Practical Threshold Screening

For most LDS investors, a practical threshold-based approach works well. Here's a typical configuration:

Automatic exclusion: Any company whose primary business is adult entertainment production, distribution, or hosting. Based on current public markets, this catches essentially zero names.

Exclude at 5% threshold: Any company with more than 5% of revenue from adult content. This catches very few names; most are private. Historically, some smaller media companies hit this threshold but have phased out or been acquired.

Permitted with note: Media conglomerates with minor adult content exposure (under 5%). This includes Comcast, Warner Bros. Discovery, and Paramount. Most LDS screens permit these with the understanding that the exposure is incidental and diluted.

Clean: Hotel chains, telecom companies, payment processors, and most tech platforms fall into the clean category for pornography-specific screening, though they may have other screening concerns.

The Broader "Content" Question

Some LDS investors extend pornography screening to include any media company that produces explicit or sexualized content, even if it's not technically pornography. This is a broader cultural-content screen that goes beyond strict pornography exclusion.

Under this broader screen, you might exclude:
- Netflix (explicit content in some original programming)
- HBO/Warner Bros. Discovery (explicit content in HBO originals)
- Showtime/Paramount (explicit content)
- Some video game publishers (mature-rated content)

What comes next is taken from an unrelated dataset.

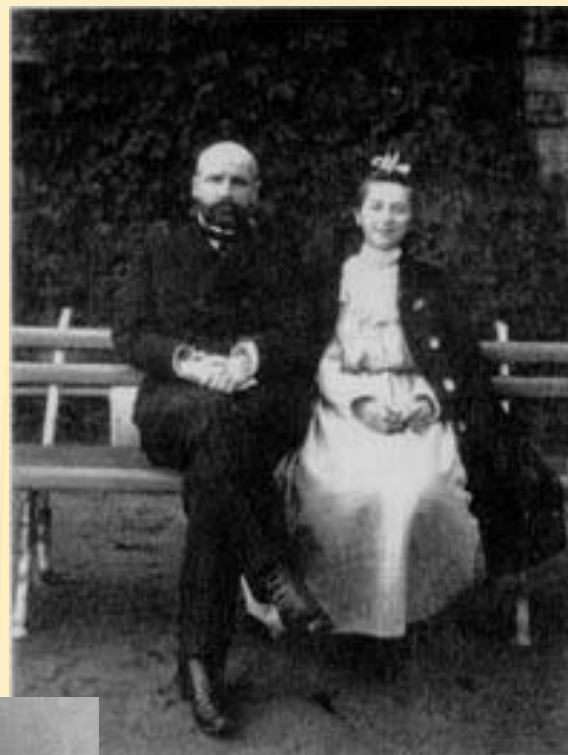
П.А. Столыпин с дочерью Натальей Петровной
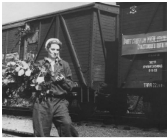
Отъезд на целину. 1956 год.

This is a stricter approach that significantly narrows the media sector. It's more about personal cultural values than about the pornography exclusion specifically. Most mainstream LDS screens don't apply this broader cultural filter, but individual investors can tighten their screens if they prefer.

A Real Portfolio Example

Let me put this together with a sample LDS-screened media and tech allocation:

Media conglomerates (threshold-permitted):
- Walt Disney (DIS): clean from pornography perspective
- Comcast (CMCSA): permitted under threshold
- Netflix (NFLX): permitted under threshold, though strict investors may exclude for explicit content

Internet and tech (threshold-permitted):
- Alphabet (GOOGL)
- Amazon (AMZN)
- Meta (META)
- Microsoft (MSFT)

Payment and infrastructure (clean):
- Visa (V)
- Mastercard (MA)
- Verizon (VZ)
- AT&T (T)

Excluded under strict screening:
- Reddit (RDDT) may be excluded due to larger percentage of user activity involving adult content
- Some smaller adult-content-adjacent names not in major indexes

The resulting portfolio covers most of the investable tech and media universe with minor exclusions. It's a workable approach.

Bottom Line

LDS pornography screening is easier in practice than in theory because the pure-play adult content industry is privately held and doesn't appear in public markets. The main question is how to handle the minor adult content exposure of diversified media conglomerates, and the answer for most LDS investors is threshold-based tolerance combined with active awareness.

The deeper point is that this screen reflects LDS teaching that isn't in D&C 89 but is just as important to observant members. The Word of Wisdom covers diet; pornography screening comes from a separate tradition of church teaching about moral protection and family values. A complete LDS investment framework has to address both categories, and the good news is that neither one requires dramatic portfolio surgery. Most of the work is at the margins, and most mainstream stocks pass both screens with only minor adjustments.

For practical implementation, pair a tobacco/alcohol/coffee screen with a pornography threshold screen and you've covered the major LDS ethical investment concerns without excluding so many stocks that you can't build a diversified portfolio. The result is an investment approach that aligns with LDS values while still providing meaningful market exposure and long-term return potential.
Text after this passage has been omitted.